__EXERCISE INSTRUCTIONS__.
Set down the final stretch of the data, from the line that holds "2月9日,荣县退役军人志愿服" through the last line, both included, with pictures left out.

--- TASK INPUTS ---

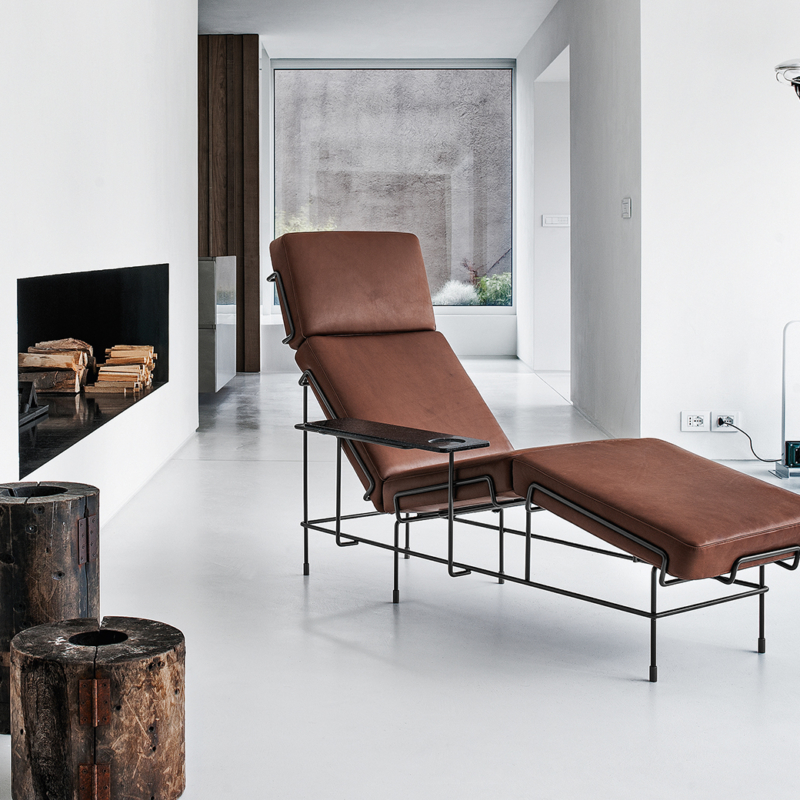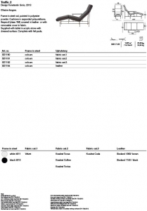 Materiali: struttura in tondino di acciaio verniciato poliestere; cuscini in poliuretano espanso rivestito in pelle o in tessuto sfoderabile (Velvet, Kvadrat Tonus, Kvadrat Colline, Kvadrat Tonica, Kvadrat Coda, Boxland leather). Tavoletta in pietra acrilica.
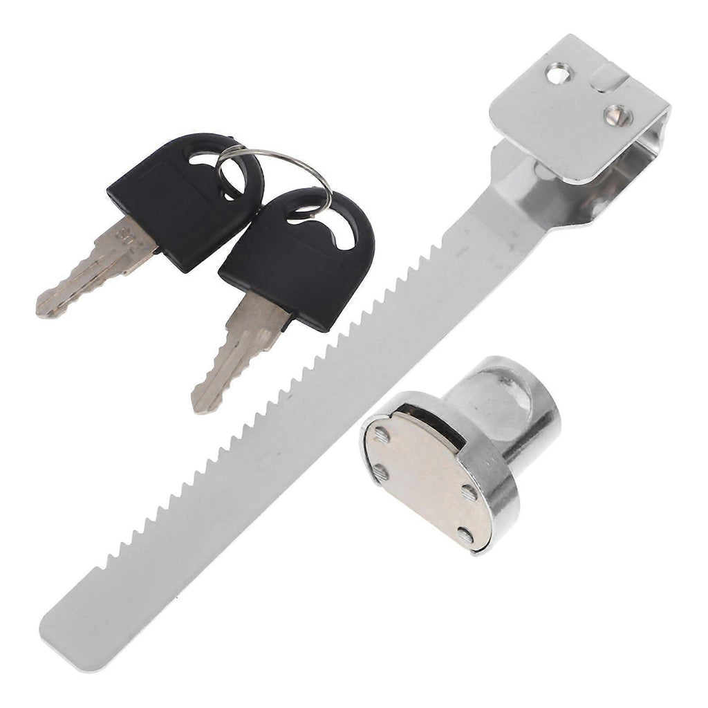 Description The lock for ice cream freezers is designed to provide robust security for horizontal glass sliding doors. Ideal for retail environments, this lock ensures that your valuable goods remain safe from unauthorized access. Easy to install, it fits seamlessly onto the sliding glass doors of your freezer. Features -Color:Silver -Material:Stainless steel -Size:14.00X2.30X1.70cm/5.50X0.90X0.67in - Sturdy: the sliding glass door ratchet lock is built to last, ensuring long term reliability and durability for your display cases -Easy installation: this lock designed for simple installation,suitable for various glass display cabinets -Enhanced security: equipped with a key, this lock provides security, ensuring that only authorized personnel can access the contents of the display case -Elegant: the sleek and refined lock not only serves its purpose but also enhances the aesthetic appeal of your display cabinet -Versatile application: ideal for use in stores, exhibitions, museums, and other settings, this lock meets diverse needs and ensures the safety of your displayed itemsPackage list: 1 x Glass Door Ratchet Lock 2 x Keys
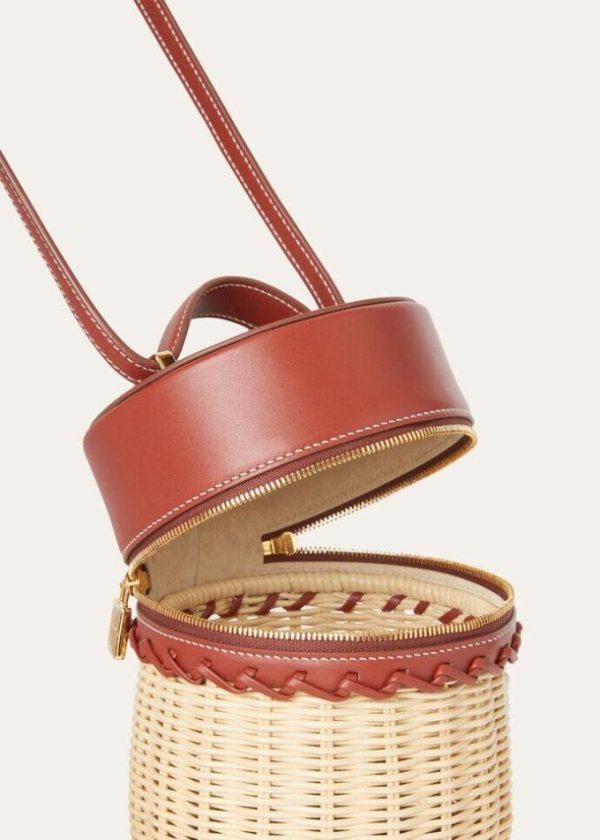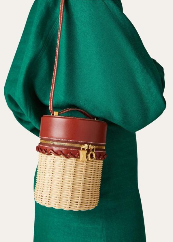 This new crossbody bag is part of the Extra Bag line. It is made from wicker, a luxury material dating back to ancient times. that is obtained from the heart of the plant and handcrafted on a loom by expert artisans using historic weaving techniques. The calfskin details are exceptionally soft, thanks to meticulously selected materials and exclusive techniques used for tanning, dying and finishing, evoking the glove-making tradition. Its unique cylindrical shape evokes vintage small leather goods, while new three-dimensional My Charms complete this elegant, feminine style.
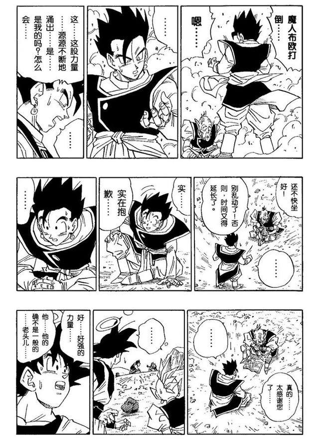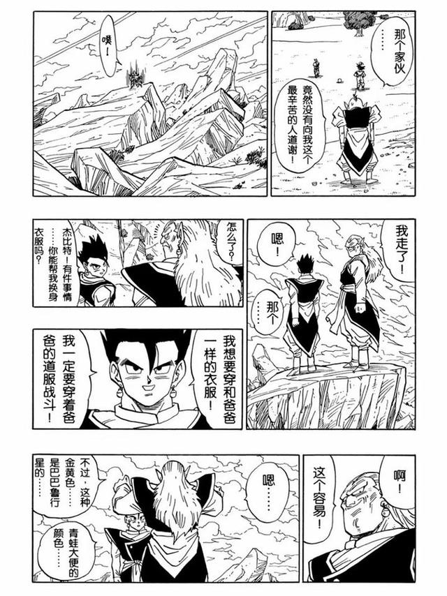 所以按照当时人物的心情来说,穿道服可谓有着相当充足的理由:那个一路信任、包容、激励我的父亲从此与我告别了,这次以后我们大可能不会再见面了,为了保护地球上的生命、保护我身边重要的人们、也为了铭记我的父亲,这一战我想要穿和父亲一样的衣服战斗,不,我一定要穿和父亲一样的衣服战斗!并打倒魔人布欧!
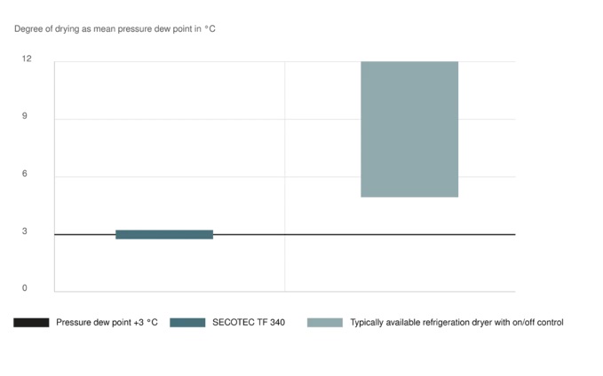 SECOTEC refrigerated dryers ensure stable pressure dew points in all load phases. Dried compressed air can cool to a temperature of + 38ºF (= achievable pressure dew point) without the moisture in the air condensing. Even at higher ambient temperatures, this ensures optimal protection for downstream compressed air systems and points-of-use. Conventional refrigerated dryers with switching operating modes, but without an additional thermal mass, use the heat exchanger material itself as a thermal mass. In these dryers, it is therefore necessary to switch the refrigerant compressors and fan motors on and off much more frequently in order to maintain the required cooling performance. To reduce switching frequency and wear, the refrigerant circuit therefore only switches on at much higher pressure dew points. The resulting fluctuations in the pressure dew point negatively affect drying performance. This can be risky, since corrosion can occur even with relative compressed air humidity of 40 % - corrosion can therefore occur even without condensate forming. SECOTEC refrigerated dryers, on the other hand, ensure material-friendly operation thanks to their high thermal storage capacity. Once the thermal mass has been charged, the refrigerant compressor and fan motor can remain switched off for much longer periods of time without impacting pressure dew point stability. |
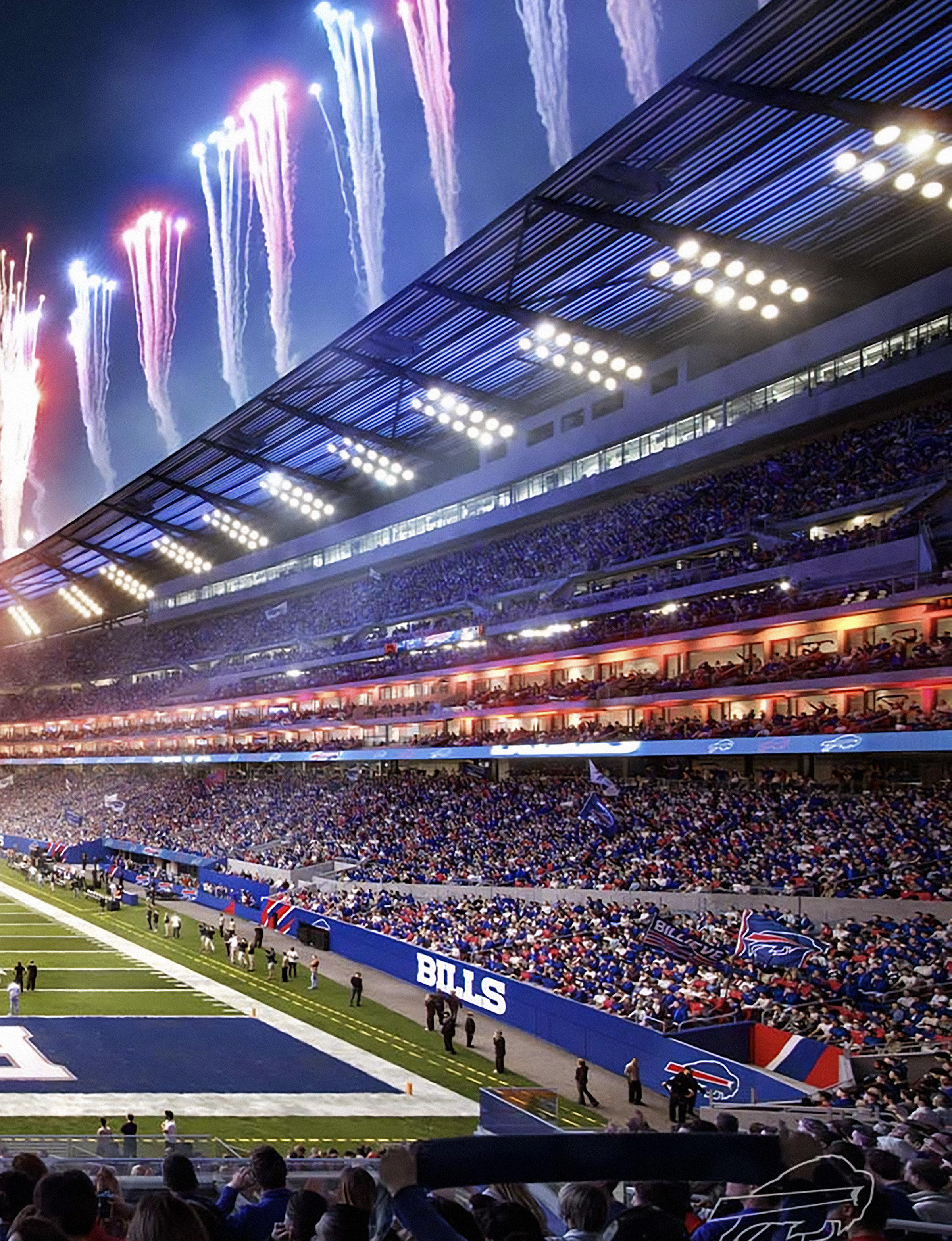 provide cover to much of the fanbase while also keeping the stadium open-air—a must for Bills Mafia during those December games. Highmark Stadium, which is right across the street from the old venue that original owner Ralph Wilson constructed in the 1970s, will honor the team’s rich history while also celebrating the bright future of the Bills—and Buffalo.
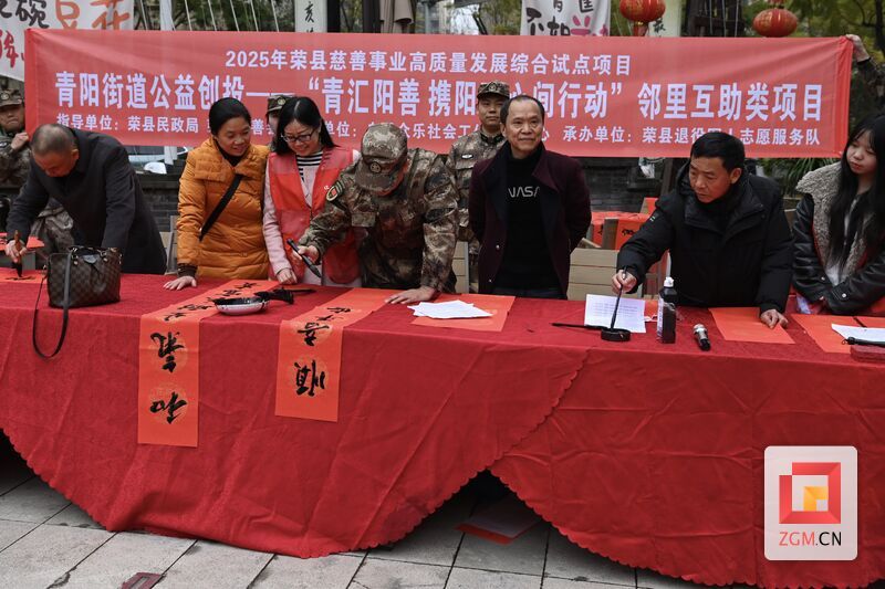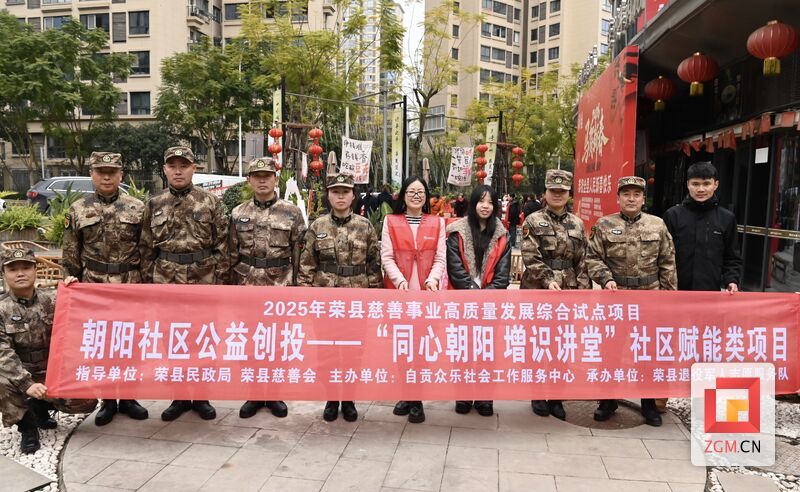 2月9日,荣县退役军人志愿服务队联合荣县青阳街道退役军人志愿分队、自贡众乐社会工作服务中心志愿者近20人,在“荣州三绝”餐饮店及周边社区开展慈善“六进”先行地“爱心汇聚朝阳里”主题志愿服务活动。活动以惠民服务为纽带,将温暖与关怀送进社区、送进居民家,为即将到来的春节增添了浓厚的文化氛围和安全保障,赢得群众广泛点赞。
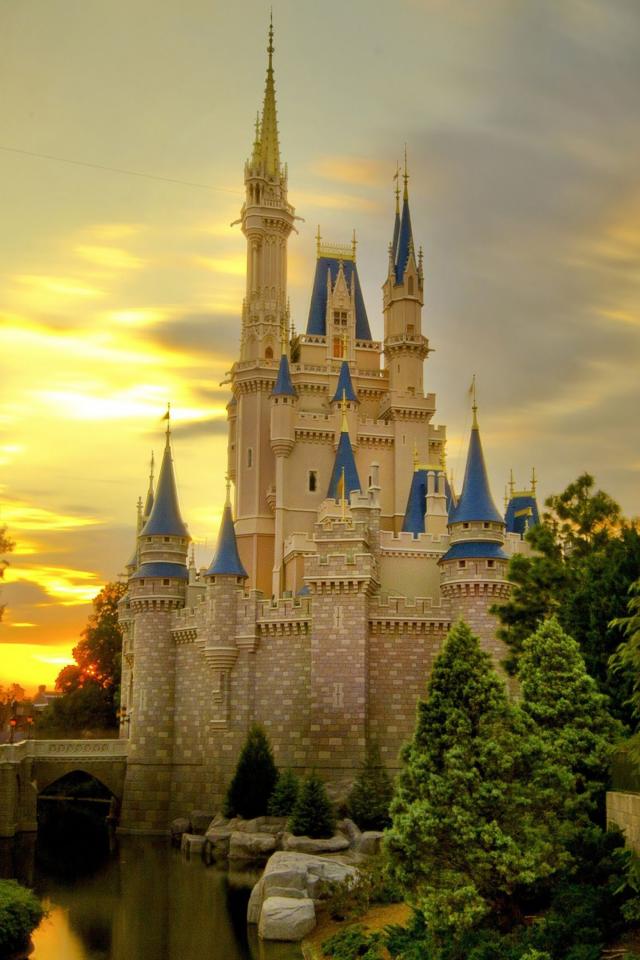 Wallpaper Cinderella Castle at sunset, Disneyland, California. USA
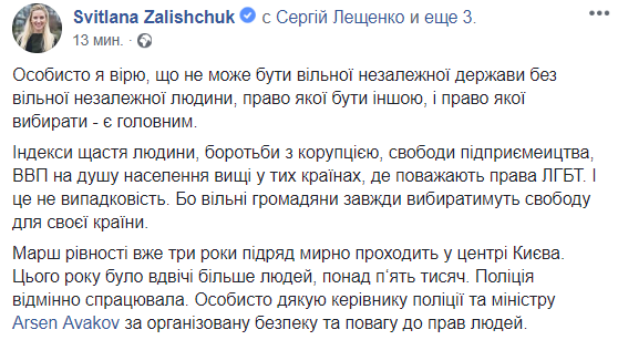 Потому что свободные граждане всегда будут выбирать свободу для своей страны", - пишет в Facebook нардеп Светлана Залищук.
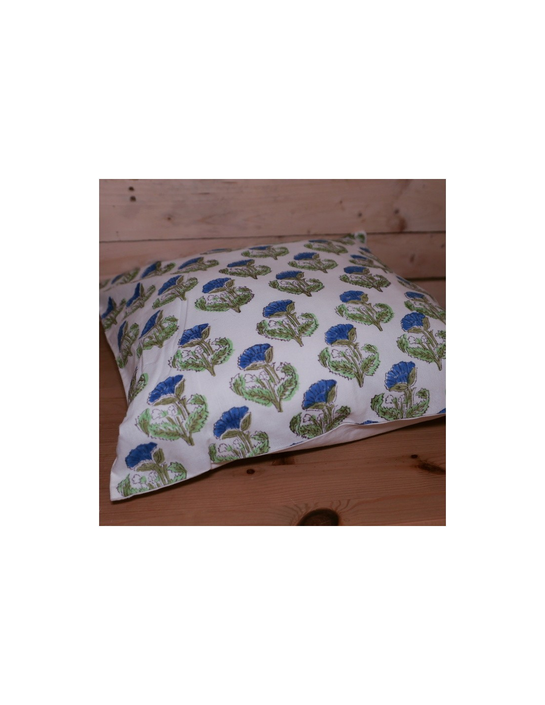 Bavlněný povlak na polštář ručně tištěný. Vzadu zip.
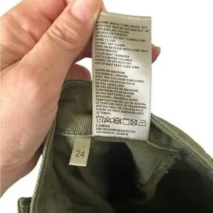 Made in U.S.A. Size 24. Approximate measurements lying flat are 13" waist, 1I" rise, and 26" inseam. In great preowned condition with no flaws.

---

__REPLY TO THE EXERCISE__.
 2月9日,荣县退役军人志愿服务队联合荣县青阳街道退役军人志愿分队、自贡众乐社会工作服务中心志愿者近20人,在“荣州三绝”餐饮店及周边社区开展慈善“六进”先行地“爱心汇聚朝阳里”主题志愿服务活动。活动以惠民服务为纽带,将温暖与关怀送进社区、送进居民家,为即将到来的春节增添了浓厚的文化氛围和安全保障,赢得群众广泛点赞。
 Wallpaper Cinderella Castle at sunset, Disneyland, California. USA
 Потому что свободные граждане всегда будут выбирать свободу для своей страны", - пишет в Facebook нардеп Светлана Залищук.
 Bavlněný povlak na polštář ručně tištěný. Vzadu zip.
 Made in U.S.A. Size 24. Approximate measurements lying flat are 13" waist, 1I" rise, and 26" inseam. In great preowned condition with no flaws.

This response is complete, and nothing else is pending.